Design and implementation of a fire-responsive cooling–suppression integrated system for mitigating fire risks in data-center GPU servers

This study addresses rising fire risk and thermal stress in GPU-accelerated data-center servers by proposing a power-agnostic, self-actuating safety architecture. We integrate thermo-responsive, rupture-on-heat suppression capsules with a direction-steerable rotary cooling module and evaluate the hybrid on a 2U RTX A6000 server under realistic rack conditions. Instrumentation includes type-T thermocouples, high-speed videography, and infrared thermography. Blackout trials verify actuation without external power, sensors, or controllers. The steerable cooling reduced average GPU temperature by ΔT ≈ 9.2 °C (≈11.2%) and lowered fan power from 13 W to ~9 W (≈30.7%).

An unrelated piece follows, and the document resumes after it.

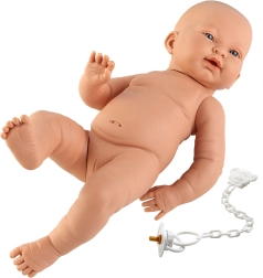 Miminko bez zvuku s vinylovým tělem s možností koupání, na kterém je zachycen doslova každý detail dětského tělíčka včetně roztomilých miminkovských faldíků a pohlaví. Miminko na rozdíl od jiných modelů nemá řasy. Ruce a nohy jsou k tělu přichycené kloubem. Miminko je polohovací a může i sedět. Dudlík v balení slouží pouze jako doplněk. Tento model patří do etnologické kolekce "lidské rasy" a představuje bílou rasu. Velikost 45 cm. Ručně vyrobeno ve Španělsku, baleno v igelitovém obalu. Doporučený věk od 3 let.

Under a 200 ± 10 °C surrogate heat input, capsules discharged within ≤0.45 s, dispersing a non-conductive, non-corrosive clean agent over ≥25 cm radius; no electrical or corrosive damage was observed on proximal components. A heat-triggered, power-independent cooling–suppression hybrid can mitigate incipient fire risk while improving thermal and energy performance, removing the single-point-of-failure inherent to electrically actuated systems. The modular design and passive actuation suit unmanned or power-unstable environments (edge nodes, defense/finance servers), enable straightforward retrofit to existing chassis, and support compliance-oriented safety upgrades without dependence on facility power continuity.